WHAT YOU WILL DO> All the data that follows should be repeated exactly, without a single picture.

++++ DATASET CONTENT ++++

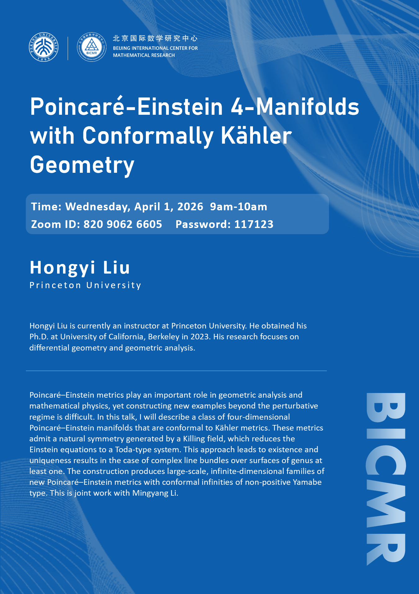 Hongyi Liu is currently an instructor at Princeton University. He obtained his Ph.D. at University of California, Berkeley in 2023. His research focuses on differential geometry and geometric analysis.
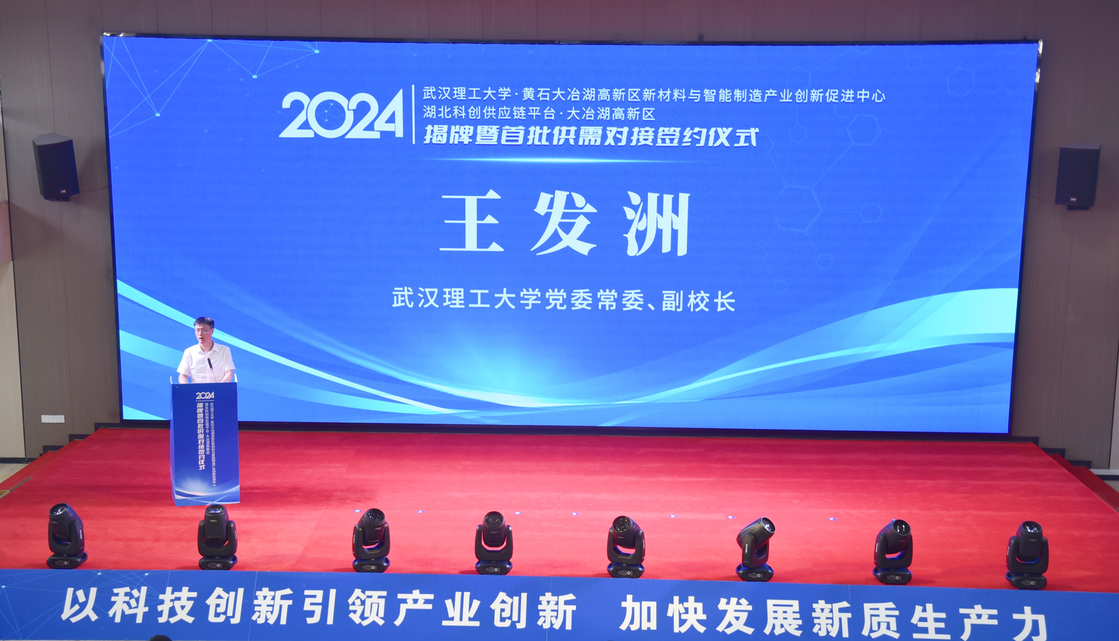 大会上,王发洲代表学校致辞,向黄石市各级政府长期以来对学校建设发展的关心和支持表示感谢,他指出,黄石市、大冶湖高新区的主导产业与学校学科建设方向高度契合,此次市校共建的新材料与智能制造产业创新促进中心,是双方在学科建设、人才培养、产业升级等方面共享共建共赢的突破之举。学校将进一步创新体制机制,加强资源供给和人才支撑,强化与政府企业的沟通交流,携手做好科技联合攻关项目,共同推进中心高水平发展。
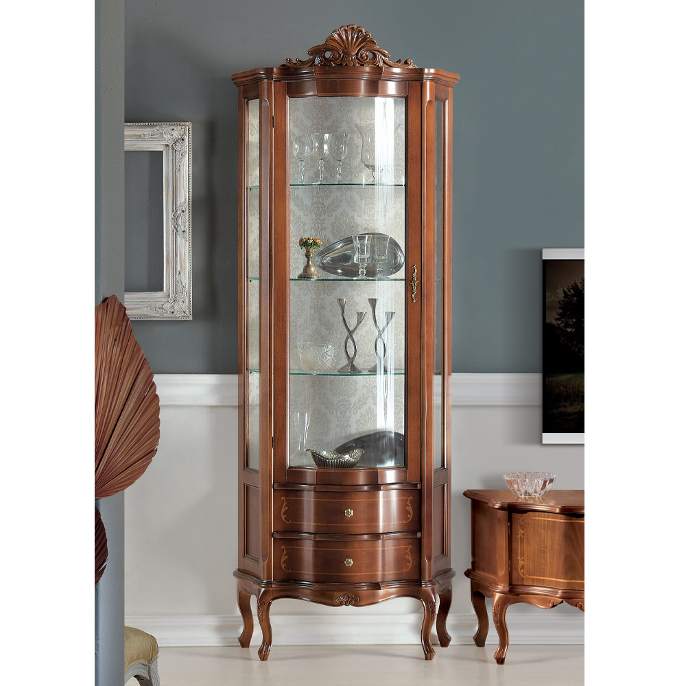Vardagsrums vitrinskåp med dörr och 2 lådor i trä Tillverkat i Italien.

++++

THE ANSWER>
 Hongyi Liu is currently an instructor at Princeton University. He obtained his Ph.D. at University of California, Berkeley in 2023. His research focuses on differential geometry and geometric analysis.
 大会上,王发洲代表学校致辞,向黄石市各级政府长期以来对学校建设发展的关心和支持表示感谢,他指出,黄石市、大冶湖高新区的主导产业与学校学科建设方向高度契合,此次市校共建的新材料与智能制造产业创新促进中心,是双方在学科建设、人才培养、产业升级等方面共享共建共赢的突破之举。学校将进一步创新体制机制,加强资源供给和人才支撑,强化与政府企业的沟通交流,携手做好科技联合攻关项目,共同推进中心高水平发展。
Vardagsrums vitrinskåp med dörr och 2 lådor i trä Tillverkat i Italien.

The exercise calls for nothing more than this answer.